Friday, March 21, 2014

A Few Words on Illness and Adjusting to It

Most of the time, we’re not aware of the brain in the way we are other body parts. I use my fingers and hands constantly throughout the day. When injured, nerve endings tell me that something is very wrong. From experience, I know precisely how to treat a minor cut or burn. The brain is different. There are relatively few instances where it’s possible to sense direct pain from that most crucial of all body parts.

Antidepressants work by increasing the function and multitude of neurons. Due to genetics, I was born lacking enough of them. Now that a new sheriff is in charge, my brain is scrambling to adjust. Medications used to treat depression indicate precise marching orders. In the past three weeks, those orders have changed dramatically. The process is not over yet. I’ve moved from one drug to another and now my body is seeking to cope.

Working through the pain is a necessity. I’ve learned how to force myself to make coherent sense and to be productive, even when I feel severely drugged and distanced from the outside world. At a different, less responsible time in my life, I lived every moment on marijuana. Anyone who identifies or has identified as a pothead knows what I mean. My state of mind was always impaired. It amazes me how functional I was during that brief, but potent period of my life.

Surrender is waving a white flag and succumbing to lethargy. I’m too motivated to languish, too driven for idleness. The last two weeks are evidence of my drive to stay productive. As I write these words to you, I can feel something strange going on up there between discomfort and pain. I feel the sensation of neurons in a semi-chaotic state, resisting the complex chemical structure that research science has devised. It feels tingly and warm, electrically charged.

I’m not really sure when the adjustment symptoms will subside. One never does. I’m on a brand new medication called Brintellix. Being prescribed the next new thing provides potential outcomes both good and bad. The good thing is that it has the potential to be extremely successful in ways that others were not. The bad thing is that doctors haven’t had an opportunity to observe precisely how it works in their patients. Psychiatric medications are notoriously imprecise, and it is only through direct observation that their impact can be adequately judged a success or a failure.

Treatment is a question of proportion. I’ve been on nine different medications for the past three or four years. Every prescription added to the canon produces its own side effects. I admit that I wish I lived 100 years in the future, if that meant more exact treatments for bipolar. I have talked about the limitations of medications devised to treat disorders of the brain until I am blue in the face. I suspect I will for the remainder of my lifetime.

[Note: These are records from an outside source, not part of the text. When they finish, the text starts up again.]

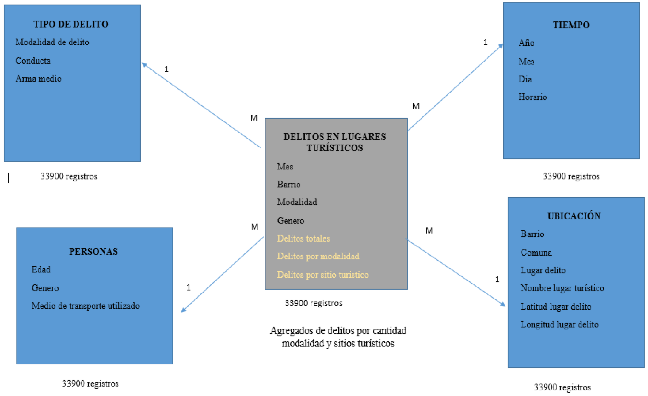 Para unir las dos bases de datos se realizó un proceso manual dado que se intentó por Python y por Big Query y no fue posible, porque se necesitaba tener un nuevo archivo donde por cada delito ocurrido informara si en el barrio de su ubicación se encontraba un lugar turístico, o sino escribir la palabra “no aplica” y para poder realizar las demás operaciones, en Big Query la base de datos debía estar “normalizada”, es decir, solo un delito y sitio turístico por barrio, pero realmente nuestra fuente de información contaba con varios registros por barrio, por lo cual se realizó un “buscar v” entre el campo “Barrios”.
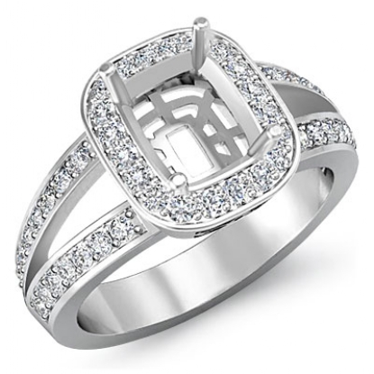 Halo Setting Diamond Engagement Cushion Semi Mount Ring 18k W Gold (0.55Ct. tw.)
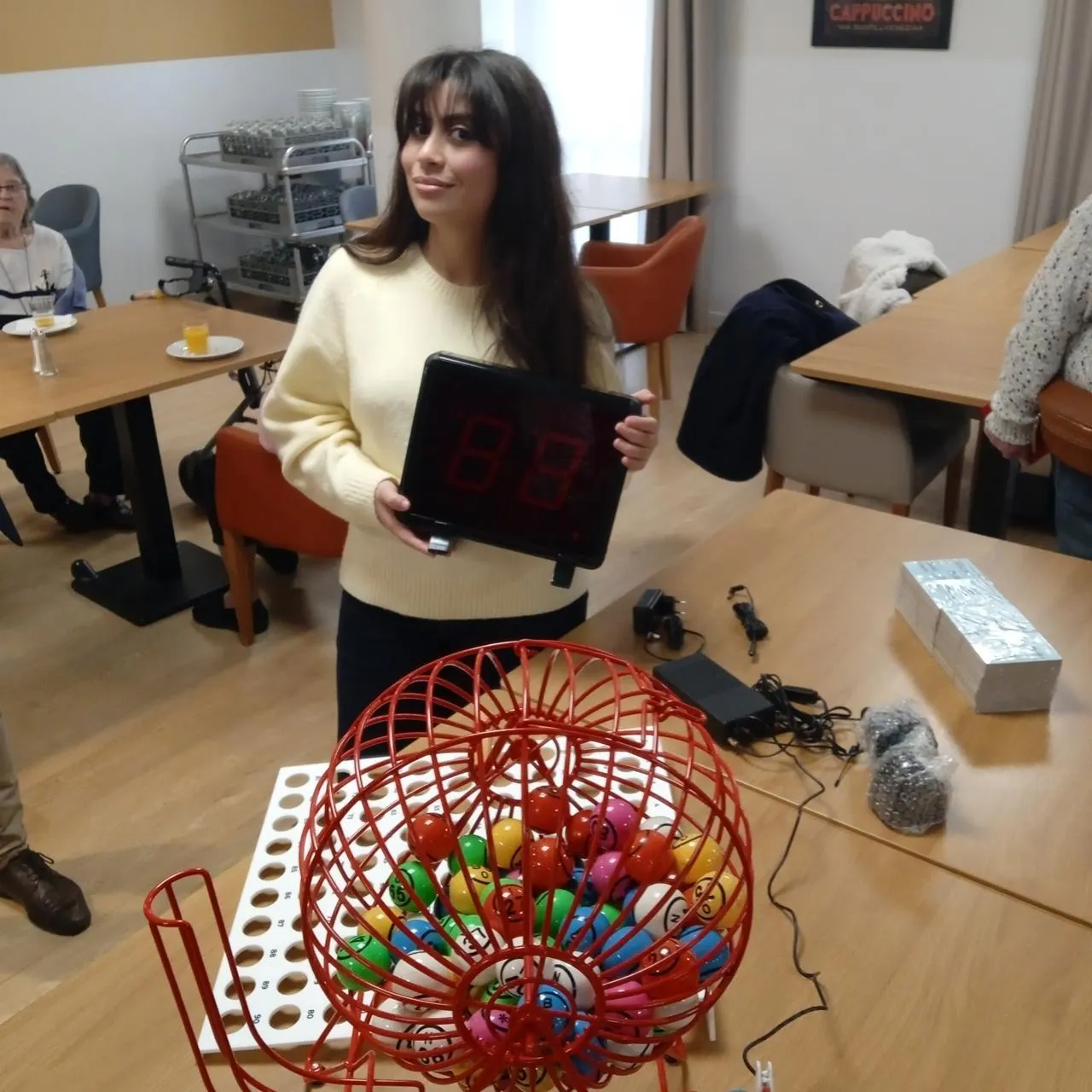 L’année passée, durant un trimestre, Farah s’est rendue tous les mercredis dans l’établissement pour rencontrer les résidents : L’aumônerie de mon lycée propose aux volontaires des rencontres hebdomadaires dans cet Ehpad autour du loto
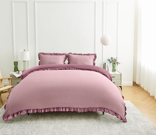 GC GAVENO CAVAILIA Frill Bedding Sets Ruffles Duvet Cover King Size | 3-Piece Kingsize Duvet Cover Sets With Pillowcases | Breathable & Washable Comforter Bed Cover 220x230 Cm, Baby Pink/Dusky Pink
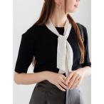 ニット セーター スカーフカラーハーフスリーブニット レディース
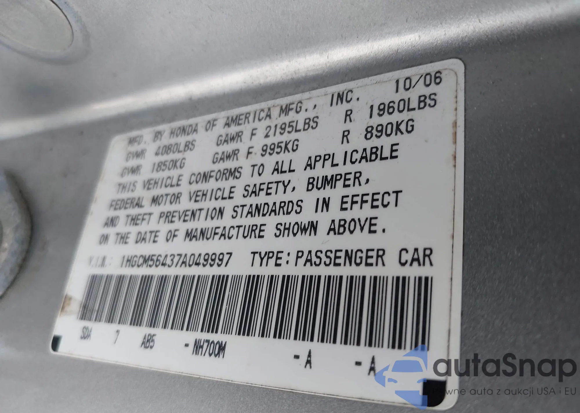 LOT: 42424854 VIN: 1HGCM56437A049997
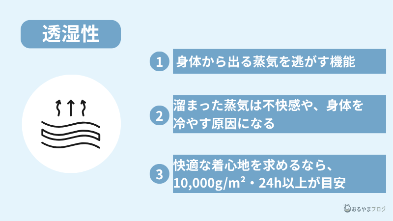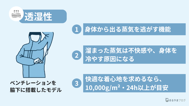 レインウェアを選ぶ際には防水性だけでなく、汗や身体の蒸気を外に逃がす「透湿性」の確認が必要です。
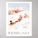 Capture the joyful spirit of a snow-covered February with this enchanting illustration by the beloved Swedish artist Elsa Beskow. This vintage poster features a charming scene of children sledding down a sunlit hill toward a cozy cottage, rendered in Beskow’s timeless watercolor style.
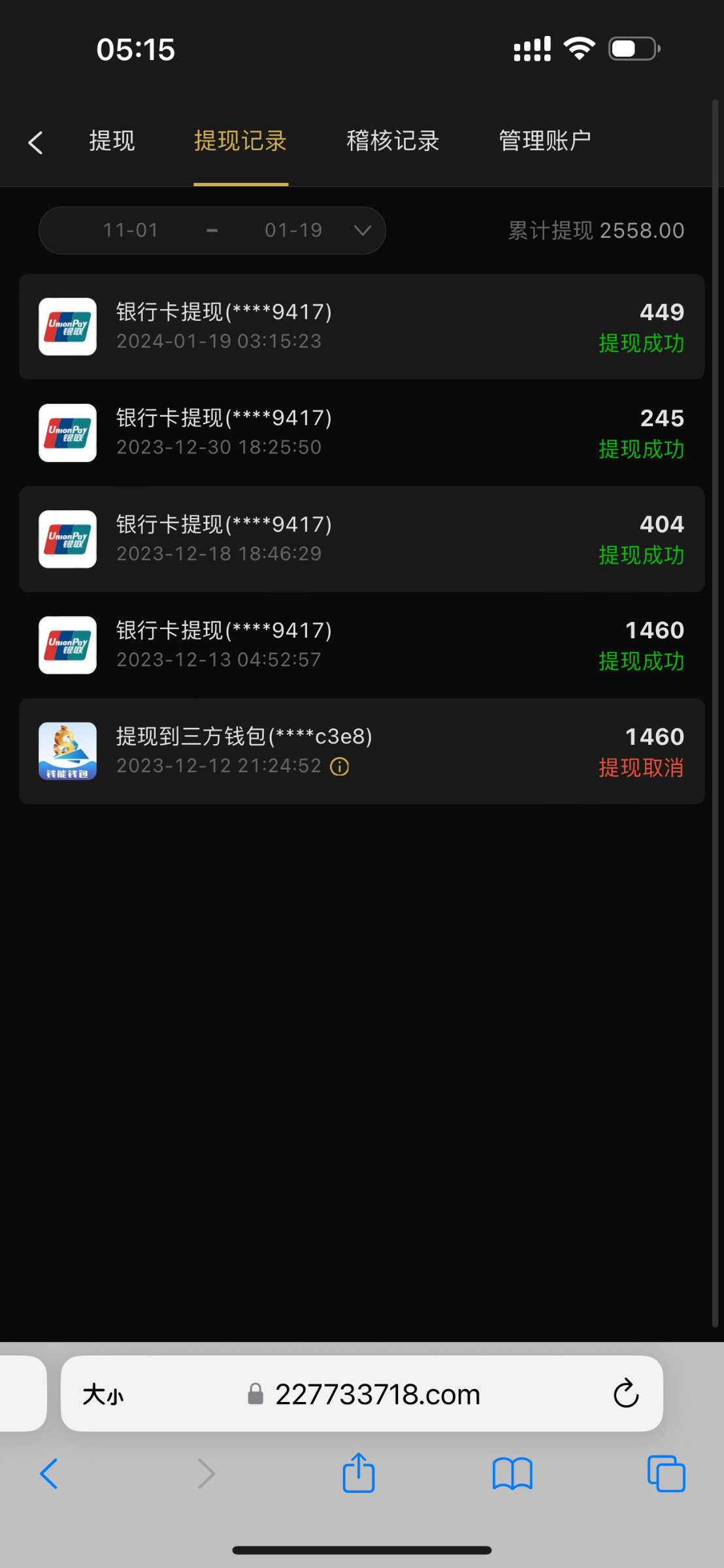 老哥们 我以后在也不碰了,已经到账了 明天就去带老婆把房子和车子还有贷款全部还了 ,过一个好年。
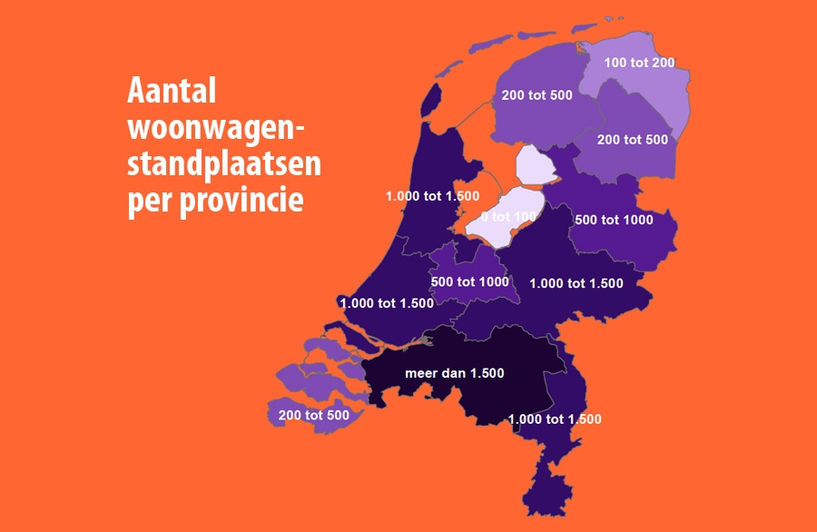De provincie Brabant is met meer dan 1.500 woonwagenstandplaatsen en woonwagencentra koploper in Nederland, terwijl Groningen het minste aantal 'kampen' huisvest. Een overzicht van het aantal woonwagenplaatsen per provincie:

The medications specifically designed to treat my condition have had a corrosive effect. I’ve developed abnormally low levels of testosterone for a man my age and required surgery for overactive bladder. Though no one can tell me why I developed these medical issues, I know that nearly twenty years on psych meds are to blame. One drug corrects what another has damaged.

Mood swings and intrusive thoughts have been my lot as long as I can remember. For the moment, I am not fully protected, meaning my psychological defenses are down. A difficult lesson for people with mental illness to learn is how little mental effort other people devote towards insulting or belittling us. To wit, I am usually the primary source of hurtful untruths and baseless fears, not any other person. But, it deserves to be said, our feelings of rejection and insult are not always figments of our imagination. Those who have not adequately dealt with their own internal problems have sometimes responded in ways that are not especially kind, nor compassionate.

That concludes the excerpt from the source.